病院の戸口を開けると梅水花園のボーイ、ライが立っていた。
黒医師が声をかけると「重たくてドアが開けられなかったんだよ」とライは答える。
両手に大きな木箱を抱えながら、どうやってドアノブをとろうか考えていたようだ。

「トニーさんがこれをドクターに持って行けって言うからさ」

木箱を机におくと、ライはため息をついた。開けるとその中には
ワインが4本入っている。

「おお、トニーも気が利くな。ちょうど酒がきれてたんだ。
・・・しかしおまえ、これくらいで重いか?」

少しは鍛えろ、と言わんばかりの目線にライはブルブルと首を振る。

「ドクター、これ幾らするか知らないの?値段が重たかったの、オレは。」

「ほぉ。いくらだ」

 

二人の話し声を聞いて、ねこが診察室から出てきた。

「あ、ライじゃない。珍しいね」

ねこに気付くと、ライは思い出したように立ち上がる。

「ねこ、今晩空いてる?お客様なんだ。

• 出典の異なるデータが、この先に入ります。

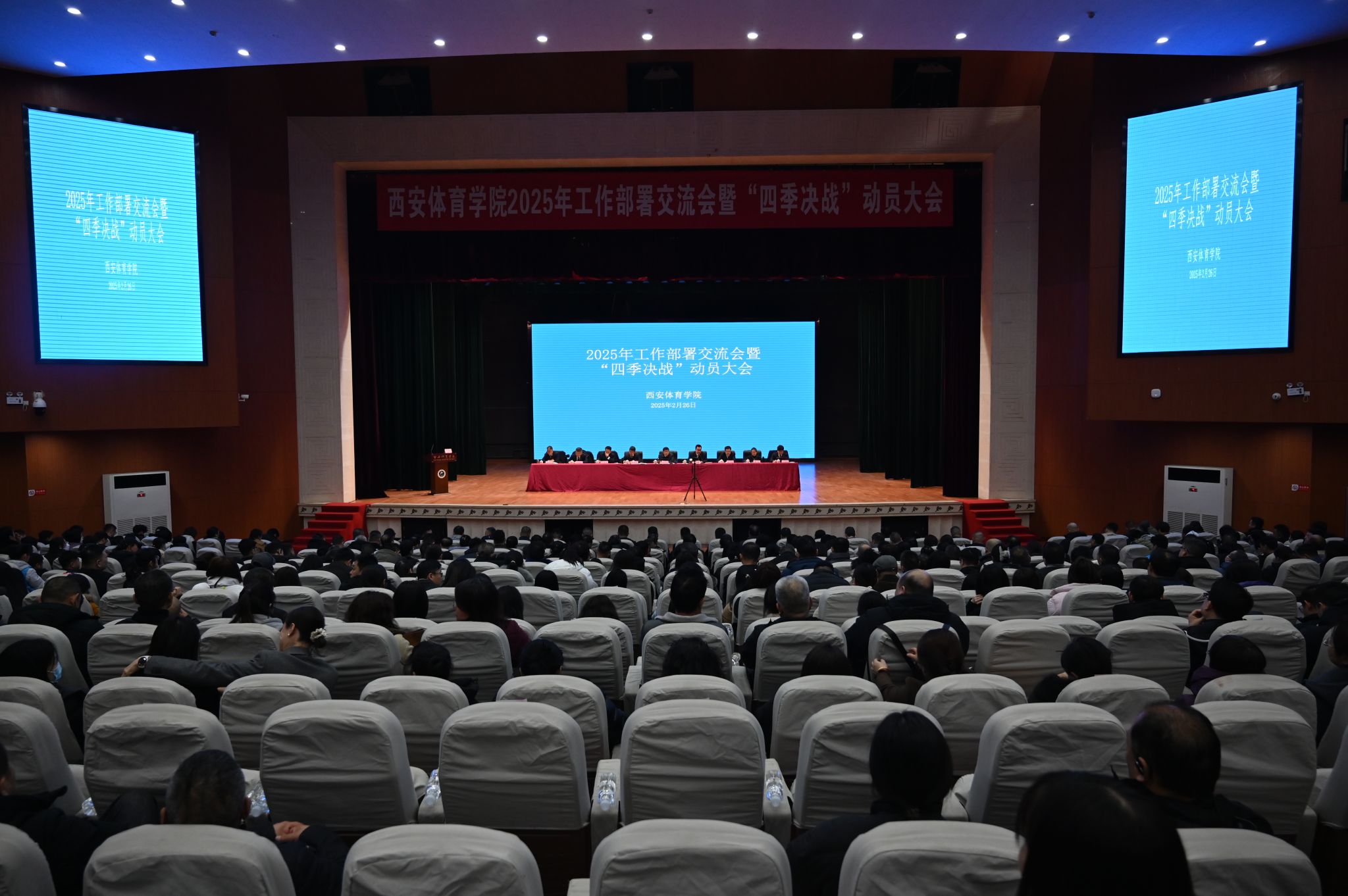 李富生作题为《龙传金蛇 四季决战 全校全员总动员 打赢十大攻坚战》的讲话,他从取得十大亮点、迎接十大挑战、抓住十大机遇、打赢十大攻坚战、做好十大保障五个方面作了部署安排。一是全力奋战鏖战,取得十大亮点,即科学设定了办学定位和奋斗目标、办学硬件设施率先进入第一方阵、高效率完成学校主体搬迁、创造性开展建校70周年“两会一活动”、特色鲜明的办学理念已深入人心、省队校办取得初步成果、率先成立全国首个体教融合研究中心、多项改革已取得明显成效、破解资金短板问题初见成效、诸侯快讯新校风正激励着新诸侯快讯人奋力前行奋发图强。二是保持居安思危,迎接十大挑战,即校区建设任重道远、资金压力依然严峻、持续改革还需深入、管理水平亟待提高、安全保障不容松懈、学科建设刻不容缓、教学改革急需推进、科研水平有待提高、竞技水平亟待提升、工作作风还需改进。三是发挥自身优势,抢抓十大机遇,即发挥体育专业优势,抢抓科教兴国战略发展机遇;发挥体教融合优势,抢抓教育强国建设发展机遇;发挥地域区位优势,抢抓体育强国建设发展机遇;发挥一流场馆优势,抢抓健康中国建设机遇;发挥办赛经验优势,抢抓承办垒球“亚洲杯”发展机遇;发挥国际交流优势,抢抓“两会一活动”影响力发展机遇;发挥省队校办优势,抢抓奥运、全运备战发展机遇;发挥学科积淀优势,抢抓新一轮博士点申报发展机遇;发挥两校区办学优势,抢抓主体搬迁带来的发展机遇;发挥70年办学优势,抢抓政策支持发展机遇。四是全校全员总动员,打赢十大攻坚战,即打赢校区建设危楼加固消防整改攻坚战、打赢产业开发创收造血引资融资攻坚战、打赢师德师风能力提升结构调整攻坚战、打赢招生改革学风提升高端就业攻坚战、打赢人事改革学院优化从严管理攻坚战、打赢教学改革专业调整特色办学攻坚战、打赢编制规划优化学科加强申博攻坚战、打赢竞训互促布局调整全面发展攻坚战、打赢科研加力优化平台注重成果攻坚战、打赢环境治理功能提升高效保障攻坚战。五是确保攻坚成效,做好十大保障,即坚持党建引领,强化政治保障;加强组织保障,优化管理体系;筑牢廉洁防线,确保风清气正;发扬铁军精神,锻造过硬队伍;加强协调保障,优化资源配置;调动师生参与,形成改革合力;注重成果转化,推动长效发展;弘扬全新校风,凝聚师生共识;强化考核评估,确保工作实效;加强宣传提升,营造良好氛围。

トニーさんがなるべく来て欲しい、と伝えてくれって」

急な客の報せだったが、ねこはそれにうなずき夕方から花園に行くことを決めた。

 

黒医師が買い物に出かけてしまったので、ライとねこは二人でお茶を飲んで話をしていた。


「西大寺路でトラブルがあったんだって?」

ライはトニーから、「それとなく様子をみてきてくれ」とも頼まれていたので
ねこにさりげなく聞いてみた。

「うん。なんだか見ちゃマズそうな光景を見てしまって。シェルとダリアがね、今西大寺路に行ってるの」

「西大路路に?」

「そう。ダンという人に会いに。」

 

 

 

<西大寺路 ・ Bunch of Pigs店内>

中に入ると、そこは本当に普通のバーだった。

薄暗い店内にはテーブル席が10組ほど、奥に広々としたカウンターがある。
壁沿いにはソファや本棚が置かれ、5,6人の男女が座っている。
皆一様にシェルとダリアに目を向け沈黙していた。

カウンターの奥に、バーテンが鼻歌をうたいながら立っていた。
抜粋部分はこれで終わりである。